Tribune News Network
Doha
During its regular weekly session convened on 23 December 2024 at the Council’s premises, the Shura Council, under the chairmanship of His Excellency the Speaker, Hassan bin Abdullah Al Ghanim, approved amendments to select provisions of the Income Tax Law promulgated under Law No. 24 of 2018.
This measure aims to uphold tax parity and fairness between local and multinational companies operating in Qatar through the introduction of a 15% global minimum corporate tax rate.
The General Tax Authority (GTA) clarified that the new amendment applies to global multinational companies and enterprises with foreign branches that generate annual revenues exceeding QAR 3 billion.
This includes both Qatari companies with branches abroad and international companies with branches in Qatar.
The GTA further specified that the amendment excludes individual taxpayers and local companies in Qatar, maintaining the existing 10% corporate income tax to maintain regulatory consistency and promote fairness and equity.

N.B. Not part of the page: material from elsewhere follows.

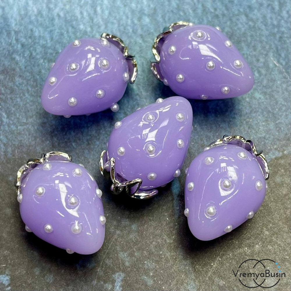 Подвеска из смолы с жемчужинками «Клубничка», ок. 16х24 мм, латунь с родиевым покрытием, цв. лиловый (1 шт.)’

The GTA highlighted that the amendment delivers substantial economic benefits, primarily by shielding multinational Qatari companies from the 15% tax abroad and ensuring that tax revenues remain within Qatar to support the national economy.
It further added that, in the absence of local collection, this tax rate would be imposed by other countries on the targeted companies.
The GTA remains committed to supporting international efforts to combat tax base erosion and profit shifting, striving to enhance the economic environment both locally and globally.
Aligned with the objectives of Qatar National Vision 2030, the GTA upholds a tax framework designed to foster sustainable national development while prioritizing efficiency and effectiveness within a legislative framework rooted in governance and transparency.
The amendment to the law is designed to enable multinational companies to file their tax returns for the Domestic Minimum Top-up Tax (QDMTT) in Qatar, ensuring compliance with the standards set by the Organisation for Economic Co-operation and Development (OECD) and the G20.
In October 2021, over 140 countries endorsed the G20 and OECD initiatives to implement the global regulations defined in Pillar I and Pillar II.
These measures are designed to tackle tax challenges arising from the digitalization of the economy and to safeguard national tax bases by establishing a global minimum tax for multinational corporations.